====== Given information ======
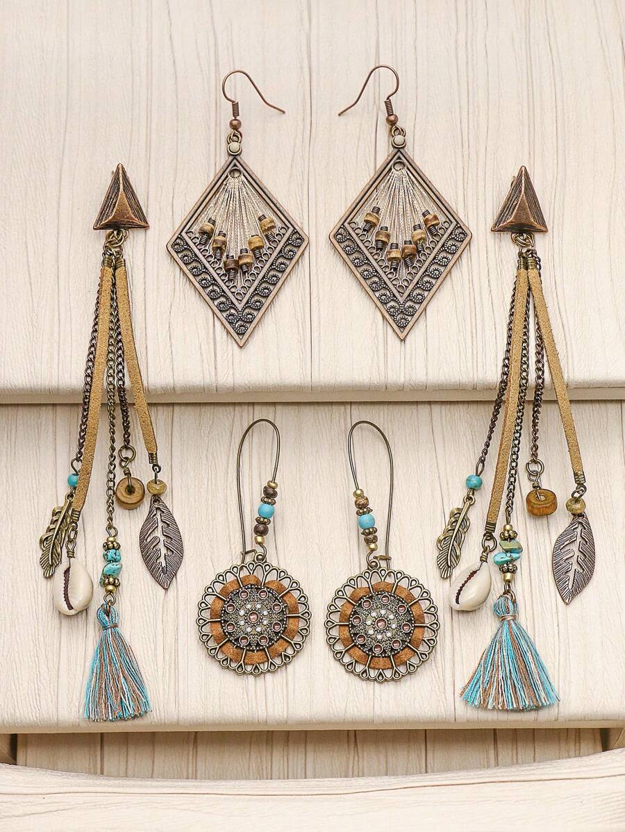 3pairs/set Bohemian & Vintage Style Geometric Shape Alloy Handmade Weaving Tassel Earrings Combination For Women, Suitable For Daily Life, Work, Street Shooting And Photography To Show Unique Temperament
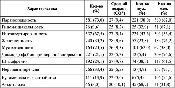Из историй болезни пациентов (независимый диагноз психиатра) была получена информация о наличии у некоторых из них следующих психических заболеваний: шизофрении, нервной анорексии (ограничительный вариант), булимического расстройства (как самостоятельное заболевание и вариант или этап в развитии нервной анорексии) и алкоголизма, а также дисморфофобического расстройства тела (в рамках нервной анорексии). Психические заболевания были диагностированы психиатрами с помощью ранее валидизированной Международной статистической классификации болезней и проблем, связанных со здоровьем (МКБ-10, 1994) [66], которая в части описания психических расстройств, в свою очередь, была создана на основе «Руководства по диагностике и статистике психических расстройств» (DSM-IV, 1994), разработанного американской ассоциацией психиатров.
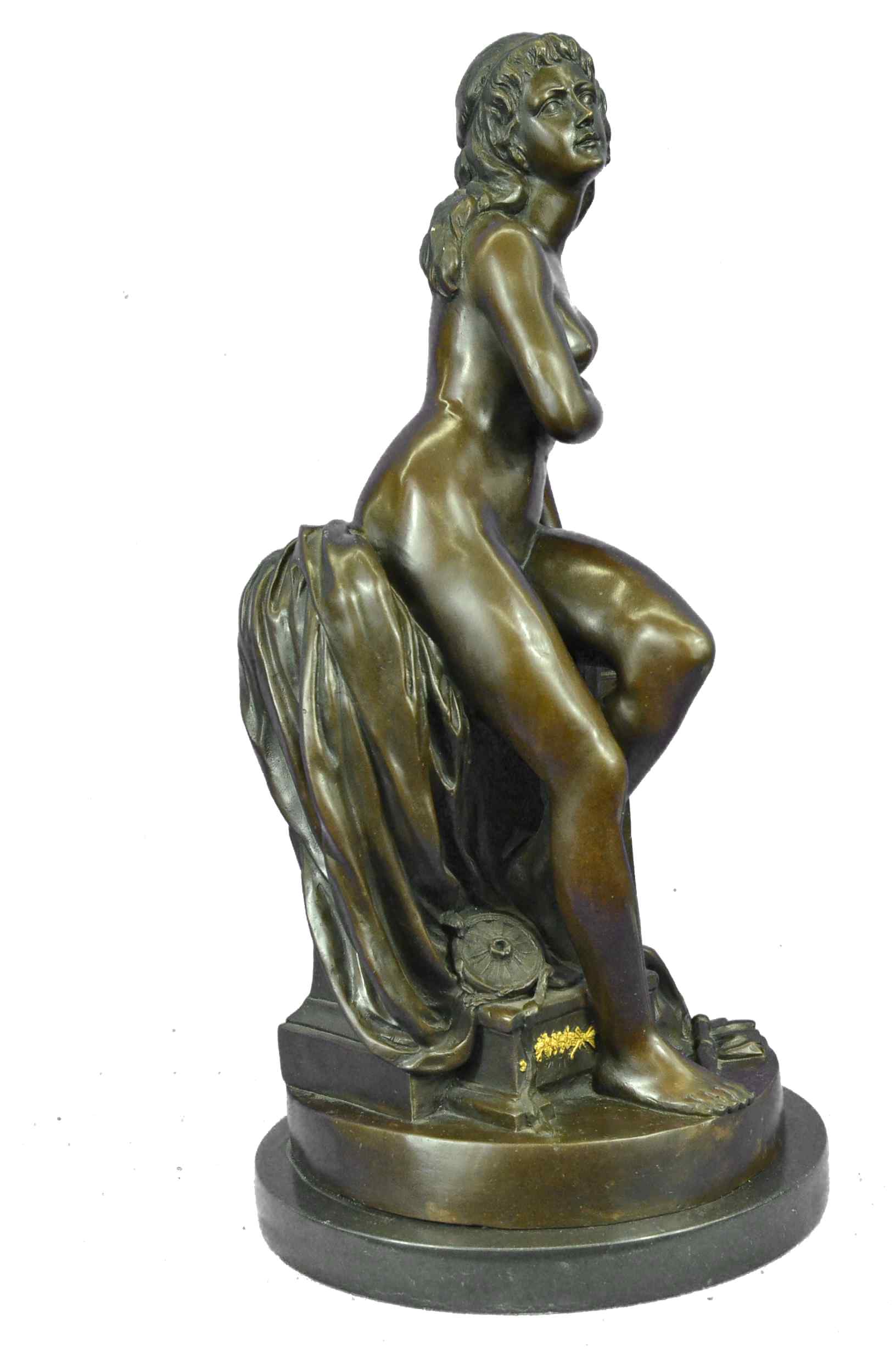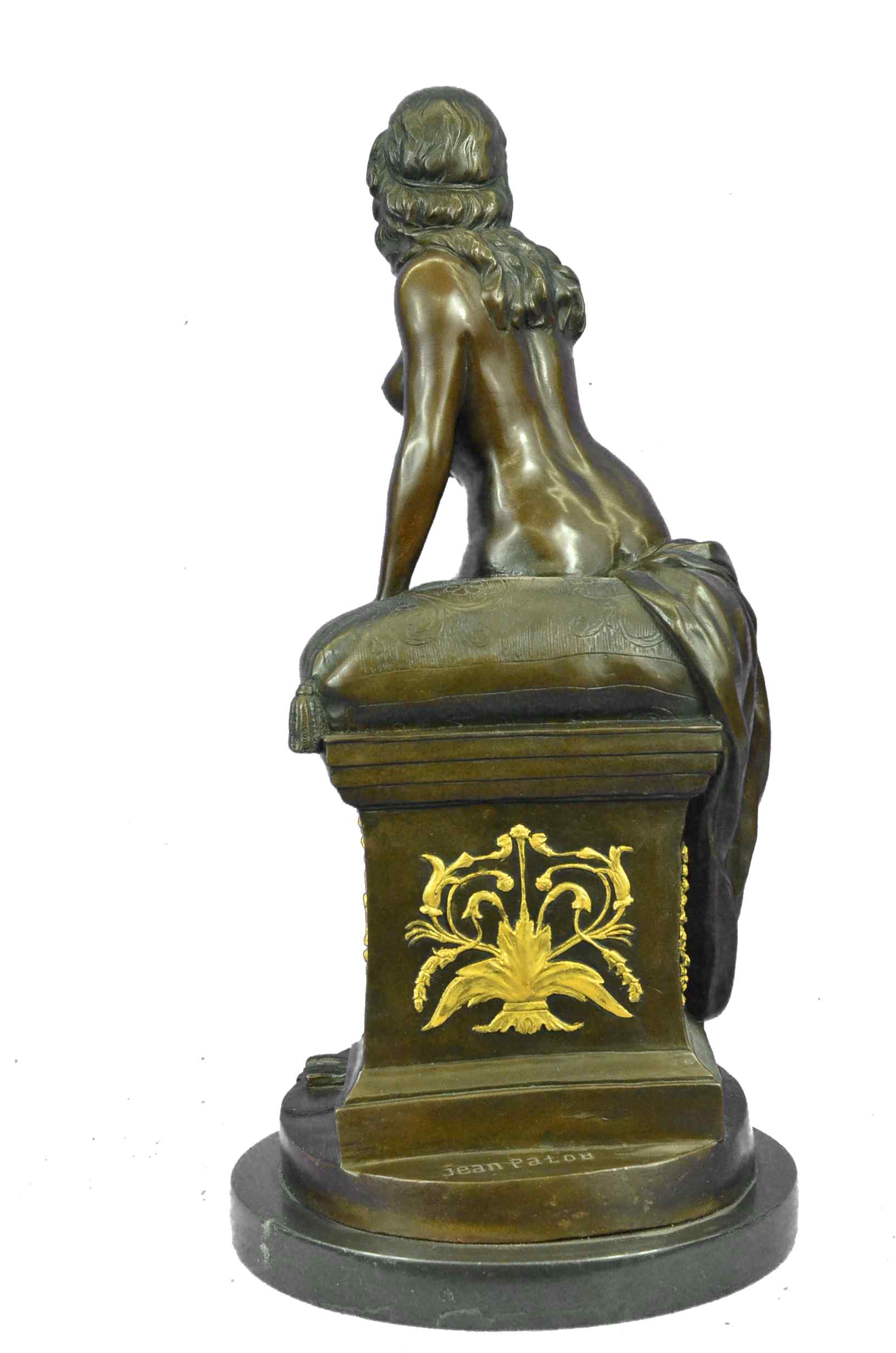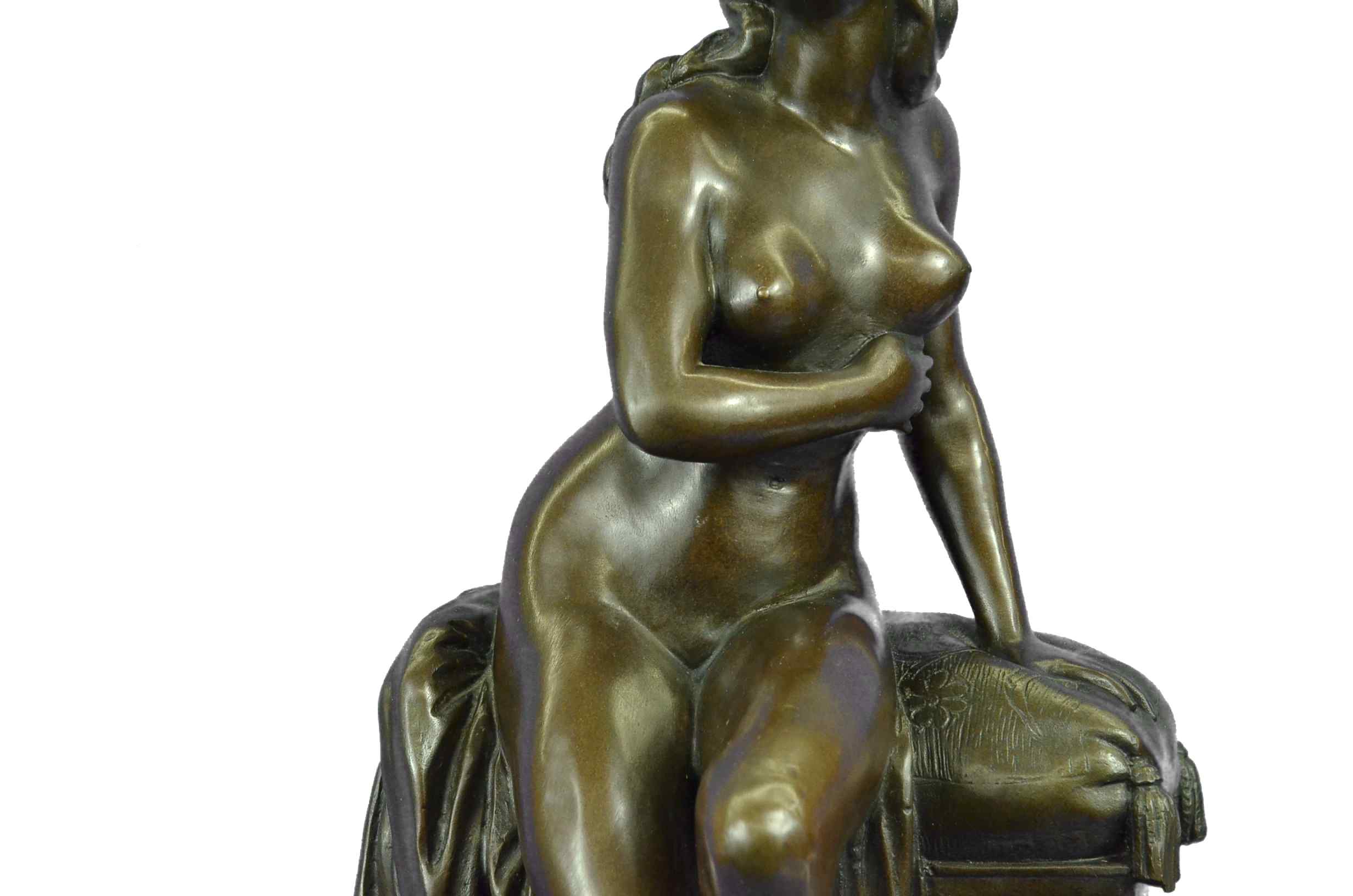 She is an artist's muse. She poses for a painting, sitting on the edge of a shut chest.She sits on a plump pillow and thin sheet that is draped over the side of the chest. She tucks her arm beneath her exposed breasts, grazing her fingertips along her skin. 100% bronze and handmade, this brown patina sculpture was cast using the "Lost Wax Method" and mounted on a marble base. It features the signature Jean Patou.Bronze Dimensions with Marble Base:Height 20" x Width 10"
======
Exercise. The output should be the material above, copied exactly, without its pictures.

Task result.
 3pairs/set Bohemian & Vintage Style Geometric Shape Alloy Handmade Weaving Tassel Earrings Combination For Women, Suitable For Daily Life, Work, Street Shooting And Photography To Show Unique Temperament
Из историй болезни пациентов (независимый диагноз психиатра) была получена информация о наличии у некоторых из них следующих психических заболеваний: шизофрении, нервной анорексии (ограничительный вариант), булимического расстройства (как самостоятельное заболевание и вариант или этап в развитии нервной анорексии) и алкоголизма, а также дисморфофобического расстройства тела (в рамках нервной анорексии). Психические заболевания были диагностированы психиатрами с помощью ранее валидизированной Международной статистической классификации болезней и проблем, связанных со здоровьем (МКБ-10, 1994) [66], которая в части описания психических расстройств, в свою очередь, была создана на основе «Руководства по диагностике и статистике психических расстройств» (DSM-IV, 1994), разработанного американской ассоциацией психиатров.
 She is an artist's muse. She poses for a painting, sitting on the edge of a shut chest.She sits on a plump pillow and thin sheet that is draped over the side of the chest. She tucks her arm beneath her exposed breasts, grazing her fingertips along her skin. 100% bronze and handmade, this brown patina sculpture was cast using the "Lost Wax Method" and mounted on a marble base. It features the signature Jean Patou.Bronze Dimensions with Marble Base:Height 20" x Width 10"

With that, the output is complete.